An Efficient Content-aware Downsampling-based Video Compression Framework
Hao Jiang, Li Chen · 2022 IEEE International Conference on Visual Communications and Image Processing (VCIP) · 2022
Recently, deep learning-based video compression algorithms have achieved competitive performance in Bjøntegaard delta (BD) rate, especially those adopting super-resolution networks as post-processing modules in downsampling-based video compression (DBC) frameworks. However, limited by the non-differentiable characteristics of traditional codecs, DBC frameworks mainly focus on improving the performance of super-resolution modules while ignoring optimizing downscaling modules. It is crucial to improve video compression performance without introducing additional modifications to the decoder client in practical application scenarios. We propose a context-aware processing network (CPN) compatible with standard codecs with no computational burden introduced to the client, which preserves the critical information and essential structures during downscaling.
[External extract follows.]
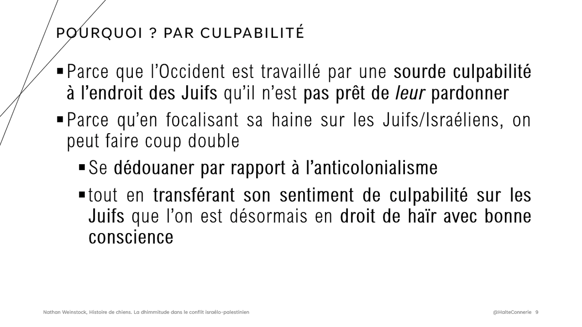 Mais quel mécanisme psychologique est donc en jeu ? La volonté d'échapper à une double culpabilité : le colonialisme et la Shoah afin de pouvoir haïr le Juif/Israélien en toute bonne conscience.

The proposed CPN works as a precoder cascaded by standard codecs to improve the compression performance on the server before encoding and transmission. Besides, a surrogate codec is employed to simulate the degradation process of the standard codecs and backpropagate the gradient to optimize the CPN. Experimental results show that the proposed method outperforms latest pre-processing networks and achieves considerable performance compared with the latest DBC frameworks.